You cannot use Network Address Translation (NAT) when you are using Amazon EMR on a VPC.

After you've created a VPC, you need to locate its subnet identifier; you'll use this value to launch the Amazon EMR cluster on the VPC.

To find the VPC subnet identifier

  • Click on Subnets in the navigation menu of the Amazon VPC console. The right pane displays information about the VPC, including its subnet identifier.

    VPC subnet identifier

Launching Clusters on a VPC

After you have a VPC subnet that is configured to host Amazon EMR clusters, launching clusters on that VPC subnet is as simple as specifying the subnet identifier during the cluster creation.

If the VPC subnet does not have an Internet gateway, the cluster creation fails with the error: “Subnet not correctly configured, missing route to an Internet gateway."

When the cluster is launched, Amazon EMR adds two security groups to the VPC: ElasticMapReduce-slave and ElasticMapReduce-master. By default, the ElasticMapReduce-master security group does not allow inbound SSH connections. If you require this functionality, you can add it to the security group.

To manage the cluster on a VPC, Amazon EMR attaches a network device to the master node and manages it through this device. You can view this device using the Amazon EC2 API DescribeInstances. If you disconnect this device, the cluster will fail.

After the cluster is created, it is able to access AWS services to connect to data stores, such as Amazon S3.

Note

Amazon VPC currently does not support CC1 instances. Thus, you cannot specify a cc1.4xlarge instance type for nodes of a cluster launched on a VPC.

To launch a cluster on a VPC using the Amazon EMR console

  1. In the Amazon EMR console, click Create New Job Flow.

    Creating a new cluster
  2. Follow the instructions in the Create a New Job Flow wizard, selecting options that match the cluster you want to launch.
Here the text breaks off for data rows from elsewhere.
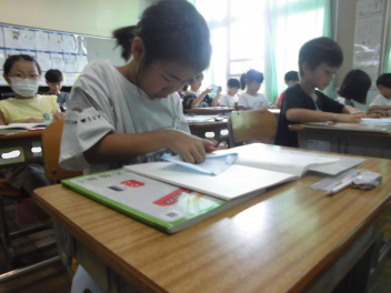 主体的・協働的な学びを通して、学習を深めていきます。さすが、初生小の6年生
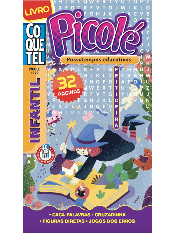 • Reduza o tempo de tela com os passatempos Coquetel! Quer promover momentos de diversão longe das telas para os pequenos? Deixa com a gente!O livro Picolé — Passatempos educativostraz 32 páginas completamente coloridas e repletas de caça-palavras, cruzadinhas, figuras diretas e jogos dos erros, pensa
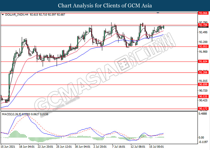 DOLLAR_INDX, H4: Dollar index was traded higher while currently testing the resistance level 92.70. MACD which ongoing illustrate bullish momentum signal with the formation of golden cross suggest the dollar to extend its gains after it breaks above the resistance level.
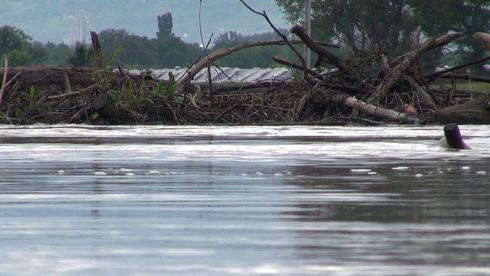 Jön a víz megállíthatatlanul. A virágzó falvak mentén hatalmas sárga munkagépek tornyozzák a földet. Lassan autózunk úticélunk felé, közben figyeljük a víz alá került termőföldeket, és a szorgos önkénteseket, akik homokzsákokkal védik, amit csak lehet. Az út szélén lapátolók gúnyosan kiáltanak utánunk a kameránk láttán: inkább jönnétek segíteni! Kívánságuk hamar teljesül: Leányfalun csatlakozik hozzánk egy fiú. Marci ugyan másnap érettségizik, mégis a homokzsákolást választotta a tanulás helyett.
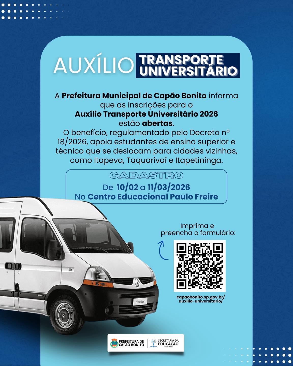 AUXÍLIO TRANSPORTE | A Prefeitura de Capão Bonito reabriu a pré-inscrição para o Auxílio Transporte Universitário 2026, benefício destinado a estudantes de Ensino Superior e cursos técnicos que se deslocam diariamente para instituições localizadas em Itapeva, Taquarivaí e Itapetininga.
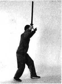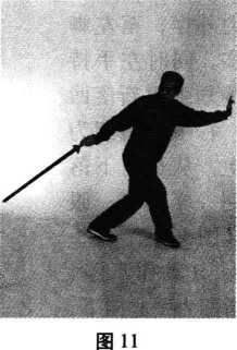 (2)左腿倒插步前脚掌落地。同时左手剑指向前伸出,右手沿身体右侧 由上向下劈剑,力达剑身,剑尖指向身体后下方,臂与剑成一直线。眼看剑 尖(图9)。
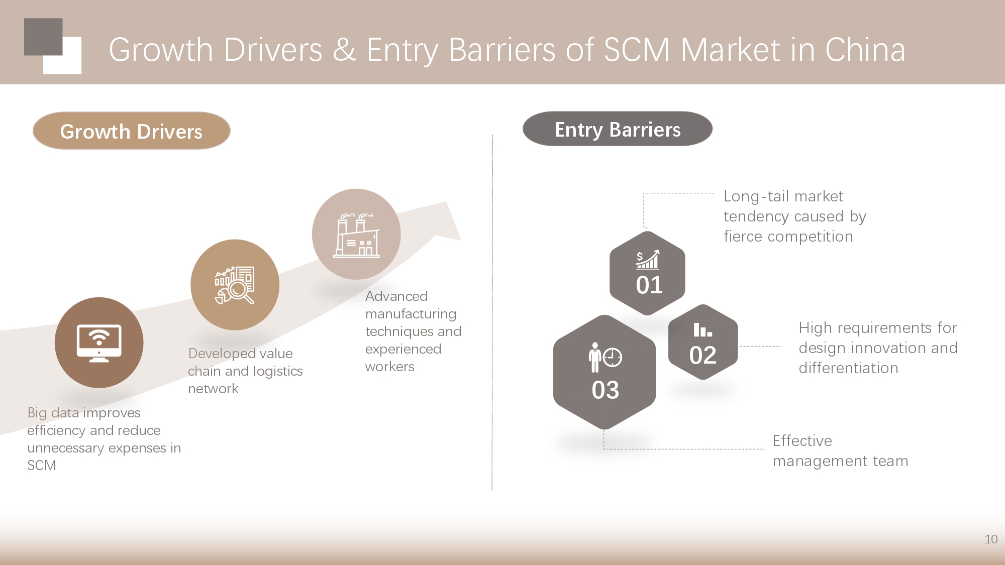 高效管理团队设计创新差异化要求高010203竞争激烈导致的长尾市场倾向大数据提升效率,减少供应链中不必要的开支发达的价值链和物流网络先进的制造工艺和经验丰富的工人成长驱动因素进入壁垒中国供应链管理市场的10个增长驱动因素&进入壁垒
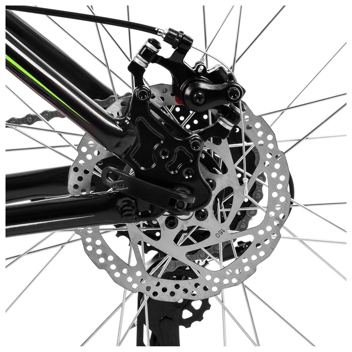 Горный велосипед подходит для передвижения по улицам города и бездорожью. Изделие оснащено дисковыми тормозами, которые обеспечивают надёжное и безопасное торможение в любых условиях. На передней части велосипеда есть амортизационная вилка для комфортной езды по неровной дороге.
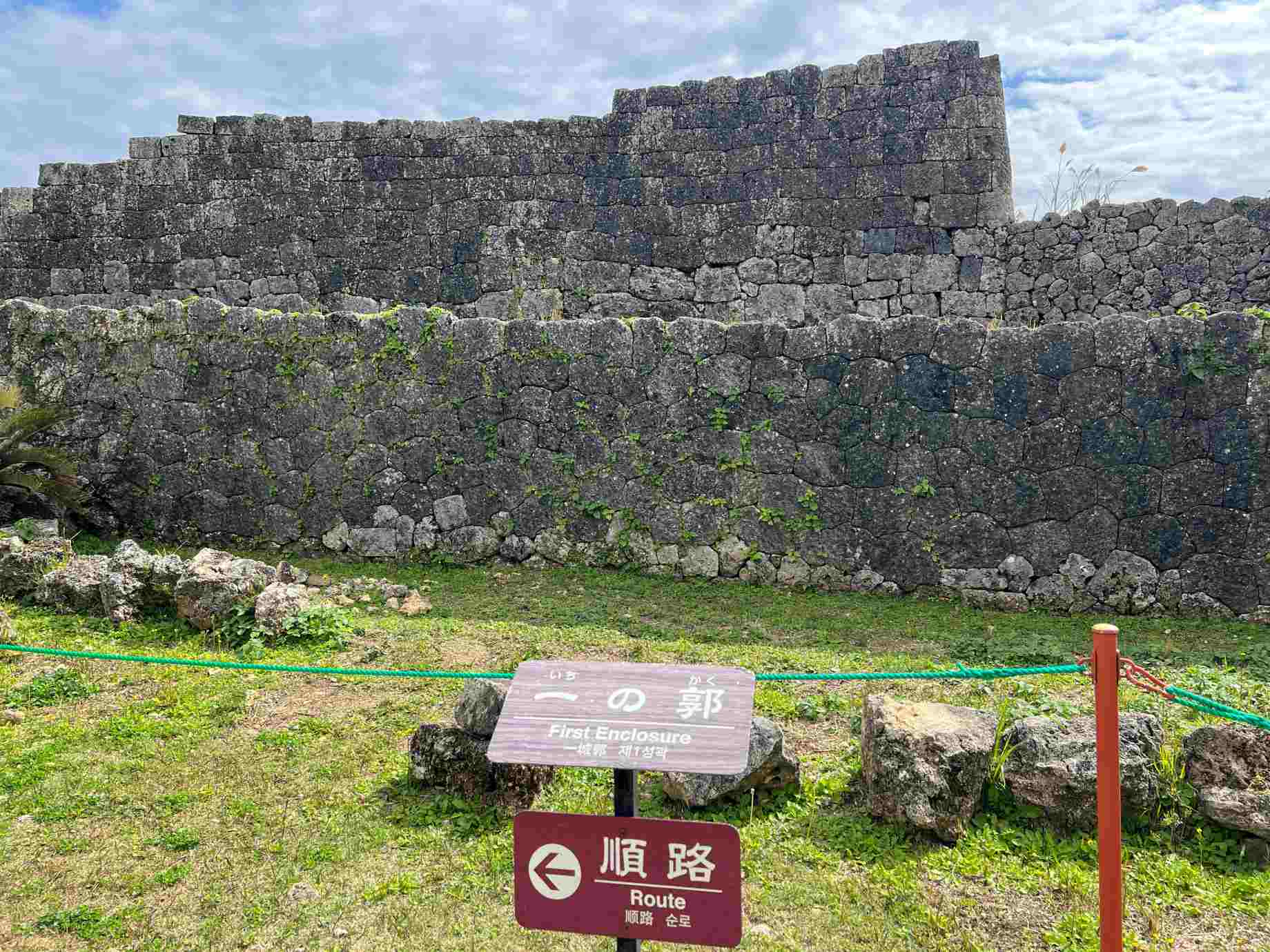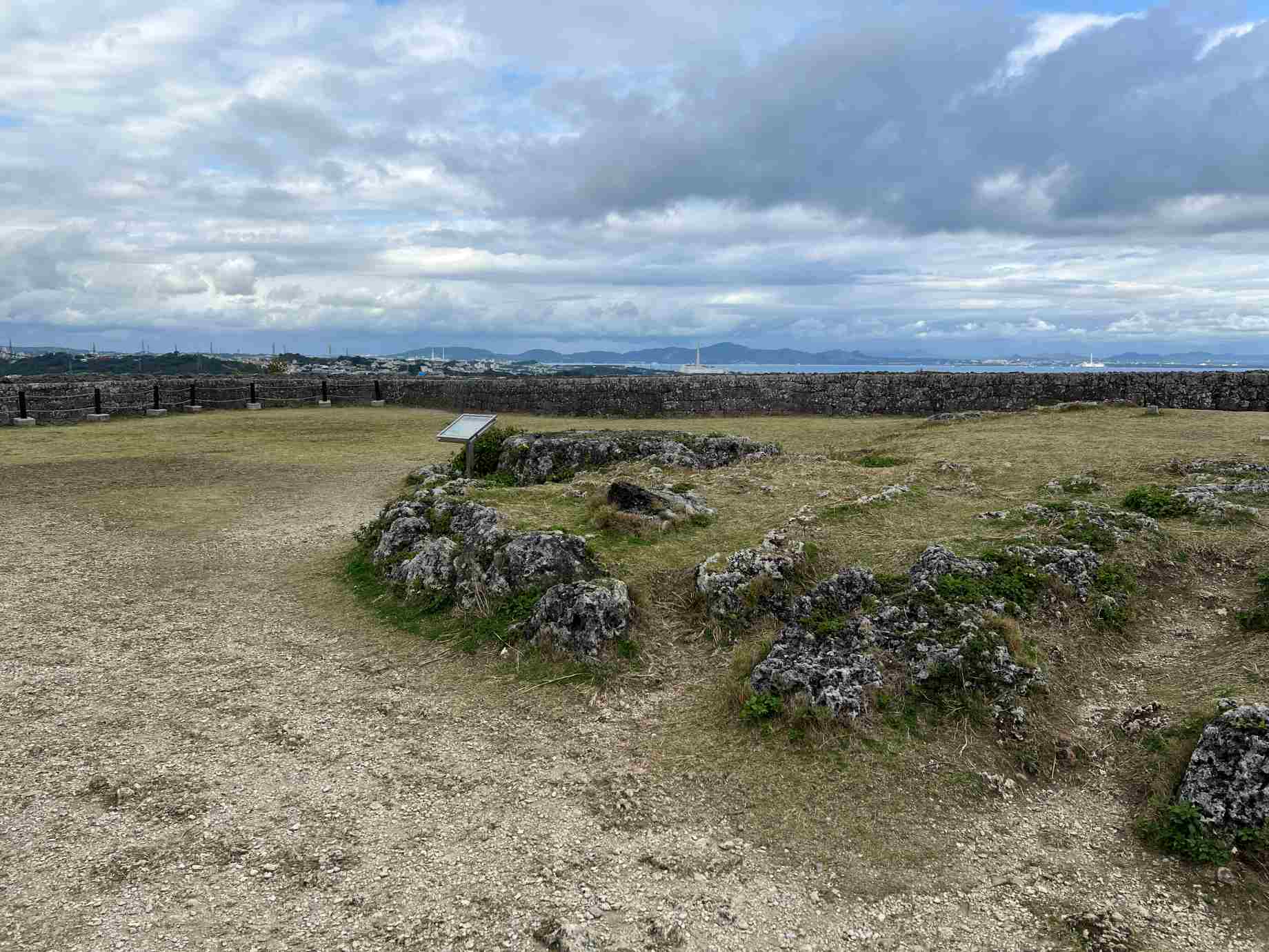 一・二・三・南・西・北の郭(曲輪)を持ち、三と北の郭を護佐丸が増築している。 |

  3. When you reach the ADVANCED OPTIONS page, choose the VPC subnet you created previously from the Amazon VPC Subnet Id box. If you have not created a subnet, click Create a VPC underneath the drop-down box to open the Amazon VPC console and create a VPC and subnet.

    Choosing a VPC subnet
  4. Continue the Create a Job Flow wizard until it is complete and the cluster is launched within the subnet specified in Step 3.

To launch a cluster on a VPC using the CLI

  • After your VPC is configured, you can launch Amazon EMR clusters on it by using the --subnet argument and specifying the subnet address. This is illustrated in the following example, which creates a long-running cluster on the specified VPC subnet. In the directory where you installed the Amazon EMR CLI, run the following from the command line. For more information, see the Command Line Interface Reference for Amazon EMR.

    • Linux, UNIX, and Mac OS X users:

      ./elastic-mapreduce --create --alive --subnet subnet-identifier
    • Windows users:

      ruby elastic-mapreduce --create --alive --subnet subnet-identifier

To launch a cluster on a VPC using the API

  • After your VPC is configured, you can launch Amazon EMR clusters on it by providing the VPC subnet identifier as the value for Ec2SubnetId, an optional String parameter on the JobFlowInstancesConfig structure.

    https://elasticmapreduce.amazonaws.com?
                Operation=RunJobFlow&
                Name=MyJobFlowName&
                LogUri=s3n%3A%2F%2Fmybucket%2Fsubdir&
                Instances.MasterInstanceType=m1.small&
                Instances.SlaveInstanceType=m1.small&
                Instances.InstanceCount=4&
                Instances.Ec2KeyName=myec2keyname&
                Instances.Placement.AvailabilityZone=us-east-1a&
                Instances.KeepJobFlowAliveWhenNoSteps=true&
                Instances.Ec2SubnetId=subnet-identifier&
                Steps.member.1.Name=MyStepName&
                Steps.member.1.ActionOnFailure=CONTINUE&
                Steps.member.1.HadoopJarStep.Jar=MyJarFile&
                Steps.member.1.HadoopJarStep.MainClass=MyMailClass&
                Steps.member.1.HadoopJarStep.Args.member.1=arg1&
                Steps.member.1.HadoopJarStep.Args.member.2=arg2&
                AWSAccessKeyId=AWS Access Key ID&
                SignatureVersion=2&
                SignatureMethod=HmacSHA256&
                Timestamp=2009-01-28T21%3A48%3A32.000Z&
                Signature=calculated value